Criatividade dá a professor prêmio do Estado

| O Estado de S.Paulo | 10/02/2004 | Mandado pela minha irmã, Silvia |

Heitor é meu primo, gente! Parabéns, cara!

Dar aulas de química numa escola onde não há laboratório de química é um desafio com que o professor Heitor Moura Erhard aprendeu rapidamente a lidar. Volta e meia, ele aparece na sala de aula da Escola Estadual Padre Anchieta, no Brás, zona leste, com caixas de papelão debaixo do braço, sais, reagentes, material reaproveitado do lixo, coisas compradas às vezes com seu dinheiro. "Tem de usar a criatividade para fazer os alunos aprenderem a pensar", diz Erhard, de 43 anos.
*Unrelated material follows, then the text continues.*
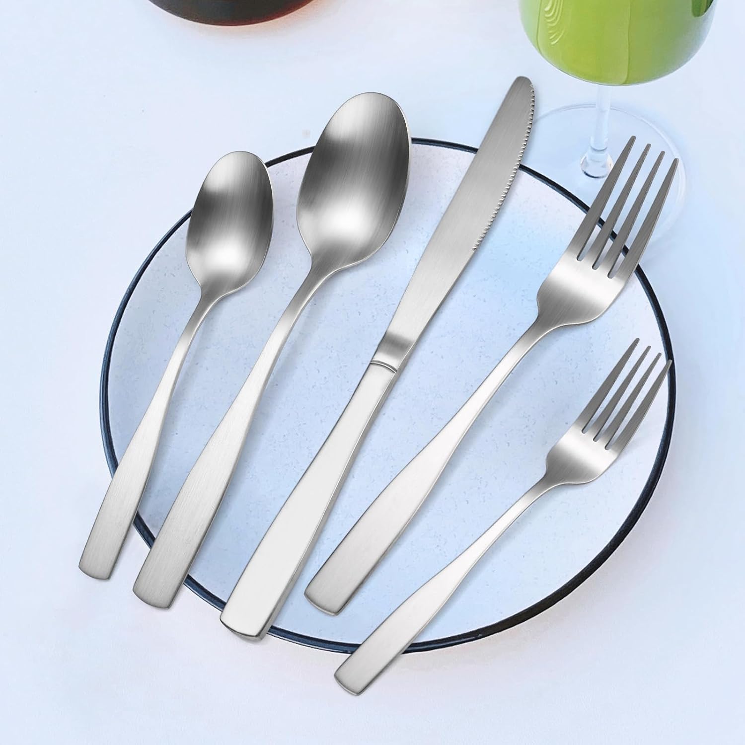 • Modern Square Handle: Elevate your dining experience with this sleek and stylish silver matte silverware set featuring modern square handles. Perfect for adding a contemporary touch to any table setting.

Químico formado pela Universidade de São Paulo (USP) de Ribeirão Preto, ele foi um dos professores escolhidos pela Secretaria de Estado da Educação este ano para receber o bônus máximo como reconhecimento do trabalho em classe.

São R$ 6 mil (ainda sem os descontos do Imposto de Renda), que serão depositados hoje em sua conta-salário. Isso significa mais de quatro vezes os R$ 1.270 que Erhard leva para casa todo mês para dar 32 horas/aula por semana a 16 turmas - de dia e à noite.
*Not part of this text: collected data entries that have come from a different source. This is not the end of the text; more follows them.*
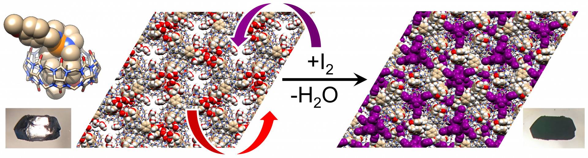 Il consiste en des cristaux moléculaires formés par l’empilement de complexes hôte-invité1 qui présentent des propriétés exceptionnelles d’adsorption de molécules de diiode. En effet, ces cristaux comportent des canaux qui montrent une forte affinité pour les molécules de diiode qu’ils capturent spontanément et sélectivement, même lorsque ces canaux sont remplis d’eau.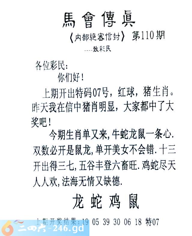 六合彩110期:首发推荐:≮馬會傳眞≯→(香港正版)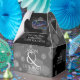 Celebrate the 4th wedding anniversary in style with this commemorative favour box! Elegant white serif lettering with hexagonal confetti on alternating grey linen and black backgrounds add a memorable touch for this special occasion and milestone. Customize with the happy couple's names, years of marriage, and personalized congratulatory messages for their linen anniversary.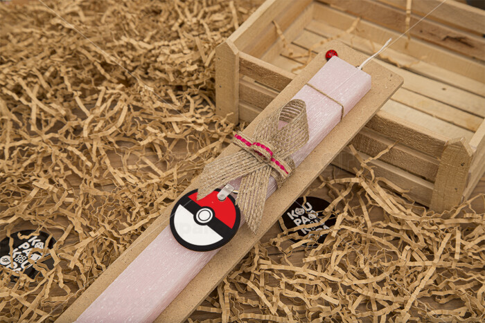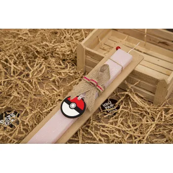 Pokemon ball, Easter Set, wooden keychain & scented flat Easter candle (30cm) (PINK)

A secretaria levou em conta o número de faltas dos professores, seu engajamento em projetos da escola, o número de alunos atendidos e se seu trabalho contribuiu para reduzir a evasão escolar. Criado em 2000, o bônus será pago a todos os mais de 170 mil professores e 18 mil gestores da rede.
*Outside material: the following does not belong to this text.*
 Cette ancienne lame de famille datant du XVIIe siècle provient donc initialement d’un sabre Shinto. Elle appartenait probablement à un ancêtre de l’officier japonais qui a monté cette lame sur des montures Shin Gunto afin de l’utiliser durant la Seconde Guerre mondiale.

Os valores variam de R$ 1.200 a R$ 6.000 (para os docentes) e até R$ 7.000 (para os gestores).

Colega de Erhard, a professora de matemática Laurinda da Conceição Miranda, de 48 anos, também recebe hoje o bônus máximo. Por iniciativa própria, Laurinda criou no ano passado um projeto de reforço na escola para tirar dúvidas dos alunos. Também participou de trabalhos conjuntos com professores de outras matérias e não teve uma falta sequer ao longo do ano.

No magistério desde 1979, ela tem um salário líquido de R$ 1.451. Se já pensou em mudar para uma área mais rentável? "Não. Estou na profissão por amor. Tenho compromisso com os alunos e me empenho para ajudá-los a ter sucesso."

A professora ainda não sabe direito o que vai fazer com o bônus, mas deve aplicar na reforma de sua casa. Erhard pensa em fazer o mesmo. Casado e pai de três filhos - todos alunos da rede pública -, ele começou a dar aulas em 1983. Parou e voltou a lecionar algumas vezes. Há cerca de dez anos está na rede pública. Em 2000 foi efetivado. "O ensino público está melhorando, mas é preciso mais investimento." Enquanto isso não vem, ele continuará a dar as aulas com criatividade e improviso. Até agora deu certo.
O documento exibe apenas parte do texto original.